… why bring children into it?
We live in an age of relentless pessimism. People openly describe the world as corrupt, violent, exploitative, collapsing. Climate catastrophe is treated as inevitable. Political institutions are widely regarded as illegitimate or captured. Economic systems grind people down while enriching a few. Mental illness is endemic. War is normalized. Surveillance is constant. The future feels smaller than the past.
And yet, in the midst of it all, bringing a child into the world is treated as a moral good — often as the highest good — beyond question or critique.
This deserves examination.
If you sincerely believe the world is dangerous, unjust, and spiraling toward catastrophe, then procreation is not a neutral act. It is a decision to expose a new, defenseless person to conditions you already recognize as harmful. We should not knowingly drop a child into a burning building and call it hope. We should not place someone in a collapsing system and call it love. But when it comes to existence itself, the moral scrutiny vanishes. Why?
Because reproduction is culturally insulated from ethical analysis. It is framed as instinct, destiny, or sacred duty rather than a choice with consequences. Once an act is treated as “natural,” we stop asking whether it is just.
A child does not consent to being born. That is unavoidable. But what follows from that fact is rarely taken seriously. Once someone exists, they are compelled to participate in a system they did not choose: they must labor, obey laws, endure illness, suffer loss, and eventually die. Even the best possible life includes fear, grief, and pain. The worst lives include exploitation, abuse, hunger, and despair.
Crucially, non-existence deprives no one, while existence exposes someone to harm. This is a moral asymmetry people are deeply uncomfortable acknowledging, because it challenges one of our oldest assumptions: that life is always a gift. But a gift is something you can refuse. Existence is not.
“But they’ll make the world better!”
This is the most common defense, and it sounds noble. But it smuggles something deeply troubling into the argument. It assigns a moral burden to someone who does not yet exist. It treats a child as a future solution to problems created by adults, systems, and history. It converts hope into obligation.
If the world is broken, the responsibility to fix it belongs to those already here. Creating a new person in order to justify optimism is not hope, it is deferral. It is also a gamble. For every child who grows into a reformer, countless others will struggle to survive. Many will be crushed by the very forces they were supposed to redeem.
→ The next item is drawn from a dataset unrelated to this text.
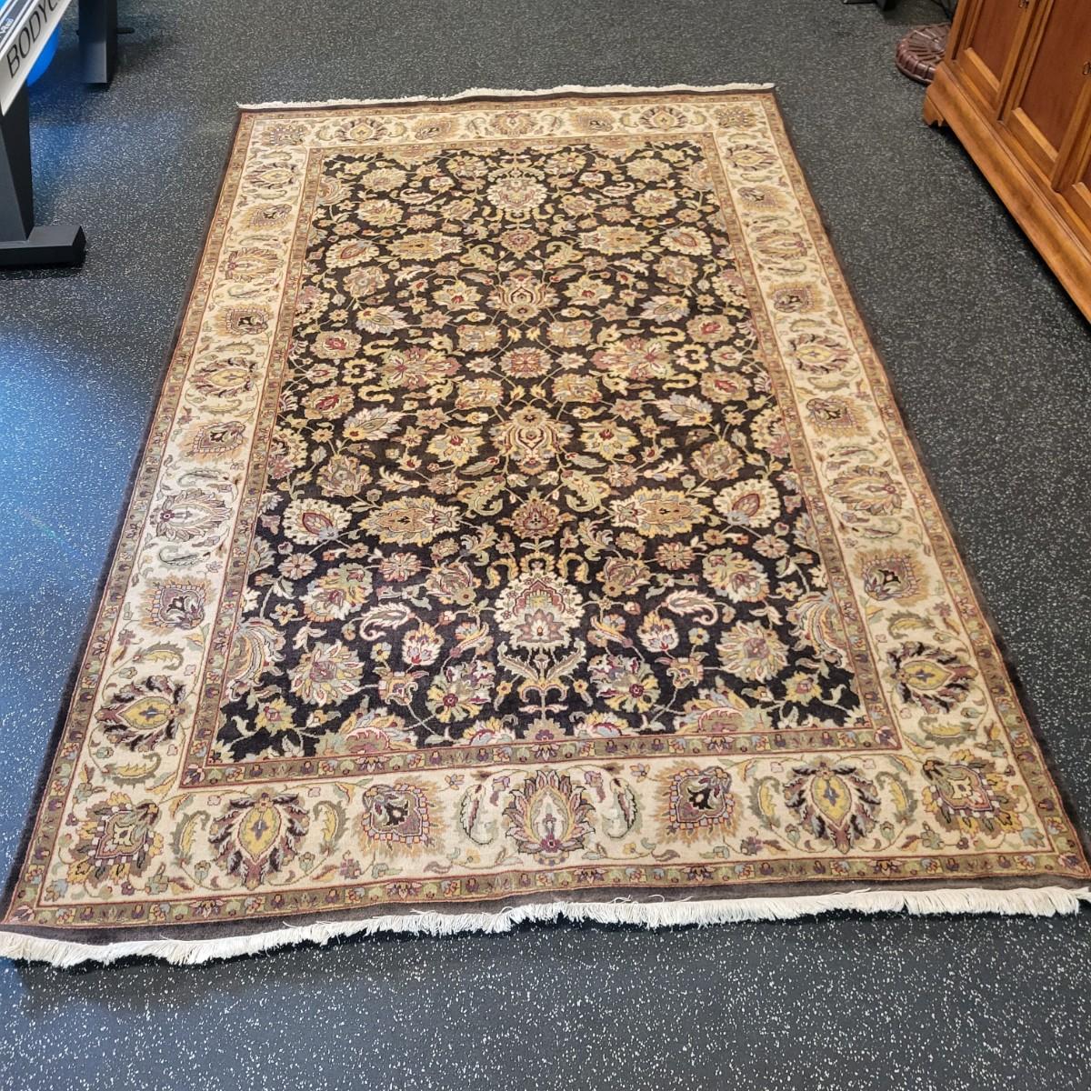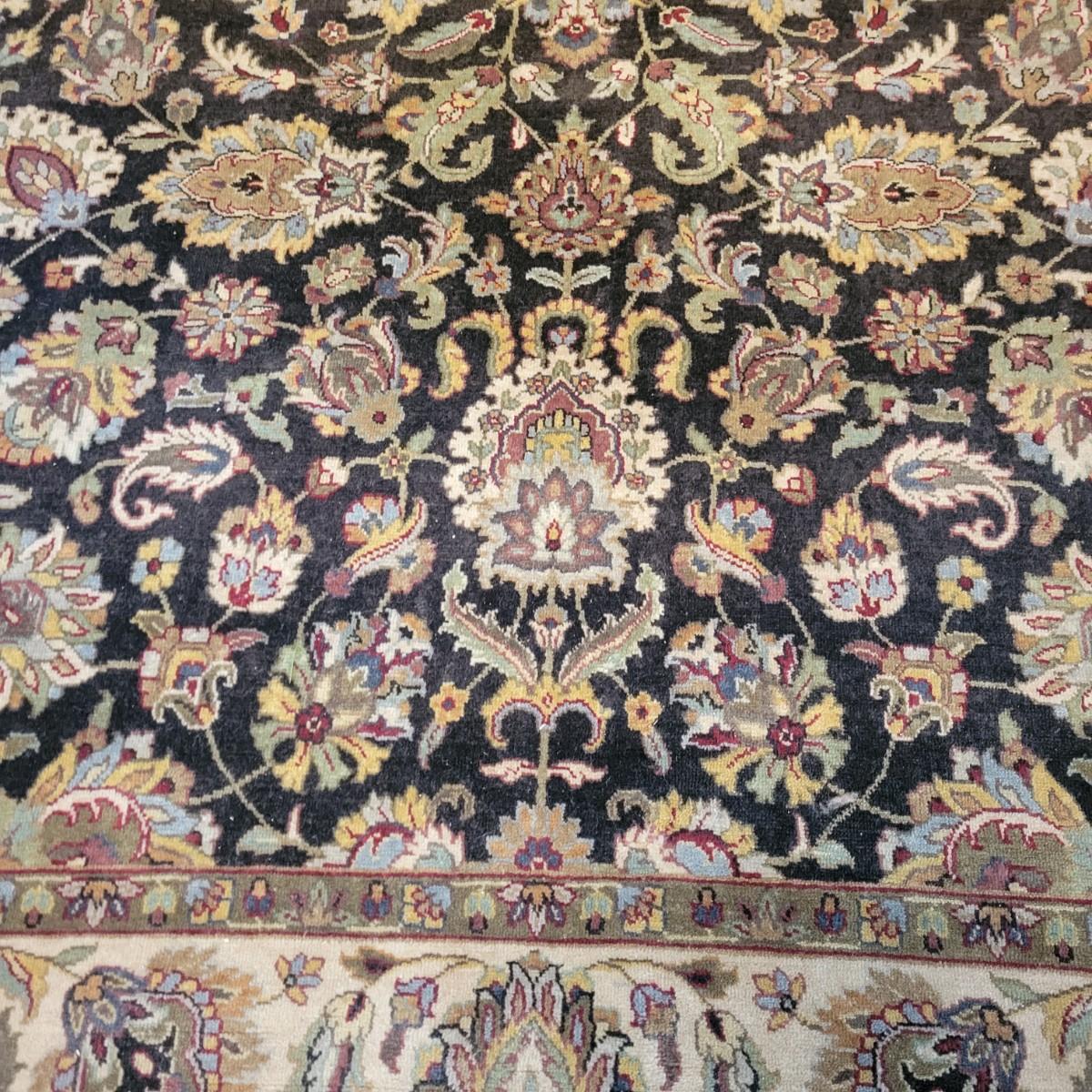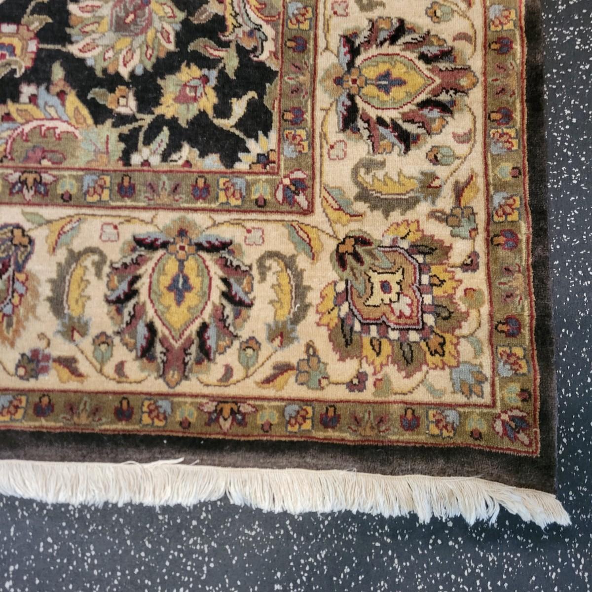 An area rug that the estate owner stated is a wool pile Surya Heirloom rug HLM-6001. It has a black background with an assortment of vivid accent colors. It measures approximately 8'8" x 5'5". This rug matches another larger rug in this auction. Local pickup only. Winning bidder must bring assistance to help move and load this item due to its weight and/or size.

Another common move is to romanticize suffering. Pain becomes “growth.” Struggle becomes “meaning.” Trauma becomes “what makes us human.” This is easy to say when the suffering is abstract or belongs to someone else. But no one thanks their parents for giving them anxiety, grief, or an early death. No one looks back on war, illness, or exploitation and says, “I’m glad to endure that.” Meaning is something people construct in spite of suffering, not because suffering is good. To impose suffering without consent and then praise resilience is a moral sleight of hand.
Many people do not actively decide to have children. They drift into it. It’s what people do. It’s expected. Questioning it feels like questioning life itself, but default choices are still choices. And when the stakes involve an entire huma lifetime “I didn’t really think about it” is not an ethical defense.
Refusing to create life in a world you believe is dangerous is not nihilism. It’s moral restraint.
This argument is often misread as hatred of life or contempt for children. It is neither.
It is an attempt to take suffering seriously, to refuse to minimize it, normalize it, or pass it along out of habit or hope. It is a refusal to gamble with someone else’s pain in order to make existence feel meaningful.
If we truly believe the world is cruel, unstable, and unjust, the the most honest response may not be reproduction, but responsibility: caring for those who already exist, reducing harm where we can, and resisting the systems that make life so precarious.
Love does not require creation. Sometimes, love looks like restraint.